A spike in the use of healthcare services and a continued rapid increase in spending on prescription drugs helped push up the nation’s health spending in 2015, but the rate of growth was still lower than historic trends, government economists said.
Overall, the United States spent $3.2 trillion on healthcare in 2015, or about $9990 per person, according to economists, who work for the Centers for Medicare & Medicaid Services (CMS). That represents a 5.8% increase in spending from 2014, when spending rose 5.3%.
The growth in spending in 2014 and 2015 was higher than during the 2008-2009 recession and the 2010-2013 postrecession years but was still lower than historic growth rates, they said.
The 2-year spending increases came as a result of more Americans gaining insurance through the Affordable Care Act, the economists said during a press conference today. Some 9.7 million gained new private insurance; and 10.3 million was added to Medicaid from 2013, when the ACA’s coverage began, to 2015, said the actuaries, whose analysis was published online in the journal Health Affairs.
Although health spending is not outpacing the overall economy’s growth as much as it did in the past, it remains on an ever-upwards trajectory, consuming more and more of the nation’s gross domestic product (GDP). In part, that’s because the economy continues to grow at a sluggish pace — about 3.7% in 2015, analysts said. Health spending grew 2.1% faster than the economy in 2015. National health expenditures accounted for a 17.8% share of the GDP, the highest share to date.
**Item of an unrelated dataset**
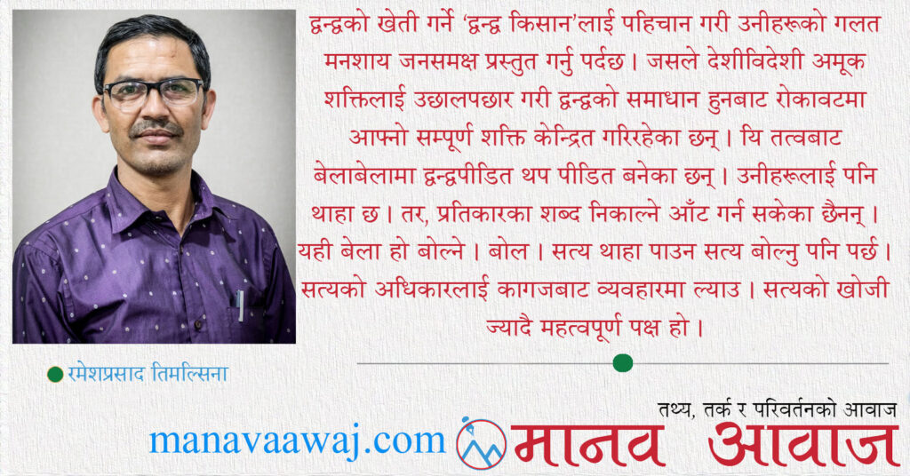 द्वन्द्वको खेती गर्ने ‘द्वन्द्व किसान’लाई पहिचान गरी उनीहरूको गलत मनशाय जनसमक्ष प्रस्तुत गर्नु पर्दछ । जसले देशीविदेशी अमूक शक्तिलाई उछालपछार गरी द्वन्द्वको समाधान हुनबाट रोकावटमा आफ्नो सम्पूर्ण शक्ति केन्द्रित गरिरहेका छन् । यहाँ द्वन्द्व किसान मात्रै छैनन् ‘द्वन्द्व उद्यमी’ पनि छन् । जसको उत्पादन नै मिल्न मिलाउन लागिएको कामलाई भत्काएर थप द्वन्द्व सिर्जना गर्नु हो । यिनीहरूको पहुँच समुन्द्र पारसम्म पनि छ । यि तत्वबाट बेलाबेलामा द्वन्द्वपीडित थप पीडित बनेका छन् । उनीहरूलाई पनि थाहा छ । तर प्रतिकारका शब्द निकाल्ने आँट गर्न सकेका छैनन् । यही बेला हो बोल्ने । बोल । सत्य थाहा पाउन सत्य बोल्नु पनि पर्छ । सत्यको अधिकारलाई कागजबाट व्यवहारमा ल्याउ । सत्यको खोजी ज्यादै महत्वपूर्ण पक्ष हो ।

The federal government — through Medicare and Medicaid — is still the biggest spender (29% of the total health bill), followed by households (28%), private business (20%), and state and local governments (17%).
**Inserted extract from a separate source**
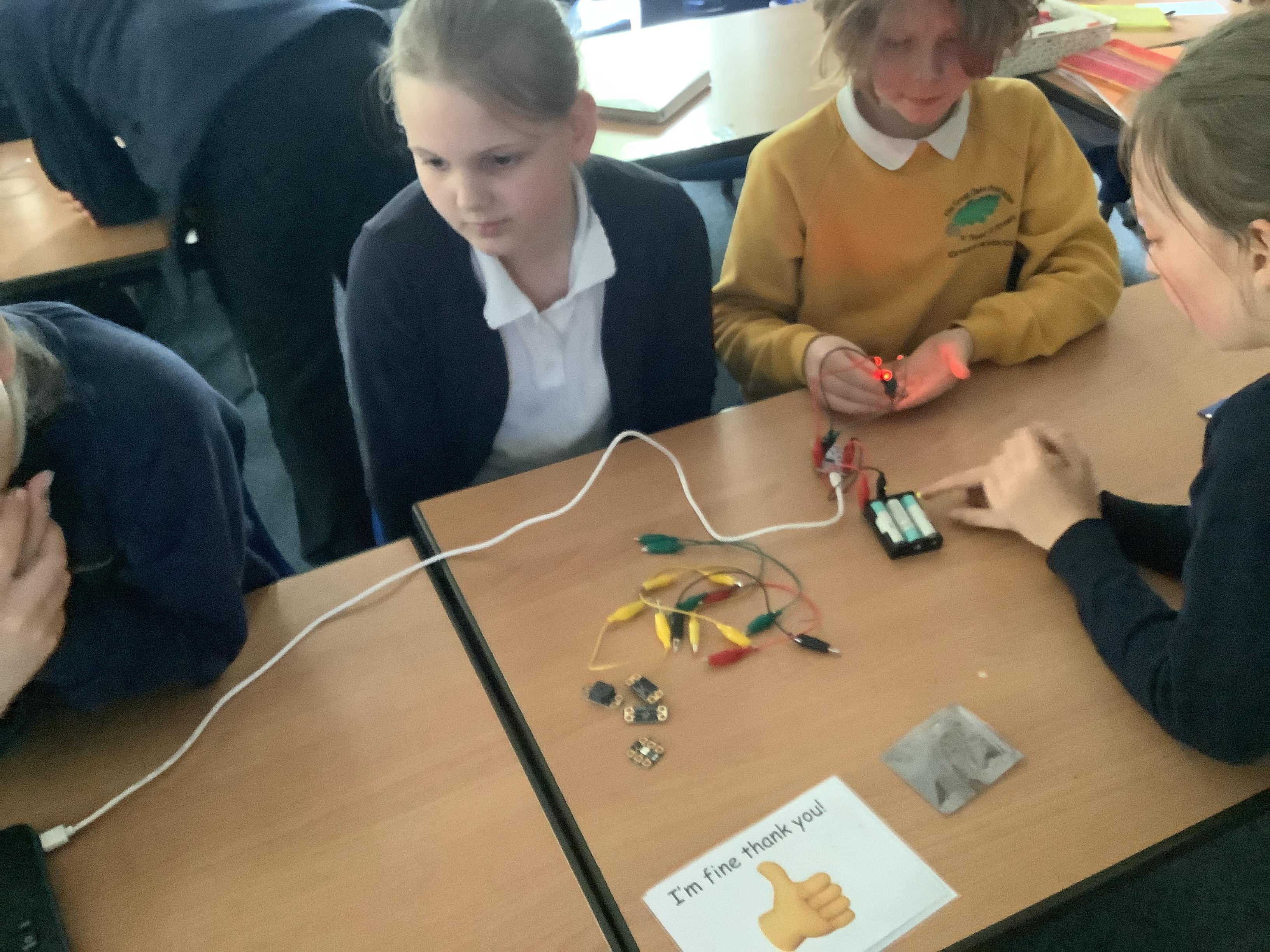 We are learning to code, using Crumble software. Today we were able to code the sparkle to flash alternate red and blue lights, and next week aim to develop this to be able to code longer programmes involving more complicated sequences.

The new data also show that employers continued to shift health costs to workers. Households saw a 4.7% increase in out-of-pocket spending, compared with 2.6% in 2014. The larger increase was driven mostly by a 6.9% increase in employer-sponsored private health insurance premium costs, compared with a 0.5% decrease in 2014. Employers had a slightly smaller increase in their premium costs, at 4.9%, which remained unchanged from 2014.
Hospital and Physician Spending Keeps Growing
Not surprisingly, when a lot of people gained health insurance, spending increased. Both the federal government and private payers spent more on hospitals, doctors, and clinical services in 2015, because “some of the newly insured individuals may have been sicker, used more services, and had higher medical costs, compared to previously insured individuals,” write Anne B. Martin, an economist in the Office of the Actuary, CMS, in Baltimore, Maryland, and colleagues.
Spending for hospital care grew by 5.6%, to $1 trillion, while spending for physician and clinical services grew by 6.3%, to $635 billion. Hospital, physician, and clinical services together accounted for 52% of the nation’s health bill in 2015.
On the hospital side, both the number of inpatient days and the number of discharges increased, reflecting higher utilization, mostly by privately insured patients, the economists said.
Medicare, however, had the smallest hospital spending growth in 17 years, in part because of reductions in readmissions and also in disproportionate-share hospital payments.
Although physician spending increased, it was not because of rising prices — even though some states raised their Medicaid rates, the authors said. It was because of an increase in volume and intensity from privately insured patients and Medicaid patients. Clinical service spending increased because of fast growth in outpatient care centers, including spending for dialysis and mental health care and treatment of substance abuse.
Drug Spending Driven by Price
Unlike every other sector of the nation’s health bill, in which price played almost no role in increased spending, price was a main driver for a 9% rise in prescription drug spending (which accounts for 10% of the nation’s health bill).
Lead author Martin told Medscape Medical News by email that price growth accounted for 52% of the spending increase. Prices for existing brand-name drugs grew by double digits, making it the fourth consecutive year for such increases.
The authors said drug costs are also rising because of an increase in spending on new medicines, which tend to have high prices, an increase in spending on generics, and a decrease in brand-name drugs going off patent.
High-priced specialty medications — for cancer, multiple sclerosis, autoimmune diseases, and hepatitis C — were huge drivers. Martin said that spending on the $1100 hepatitis C medication ledipasvir (Harvoni, Gilead) was the main contributor to the nation’s overall prescription drug bill. Ledipasvir was the top-selling drug in America in 2015, with sales of $14.3 billion, according to IMS Health.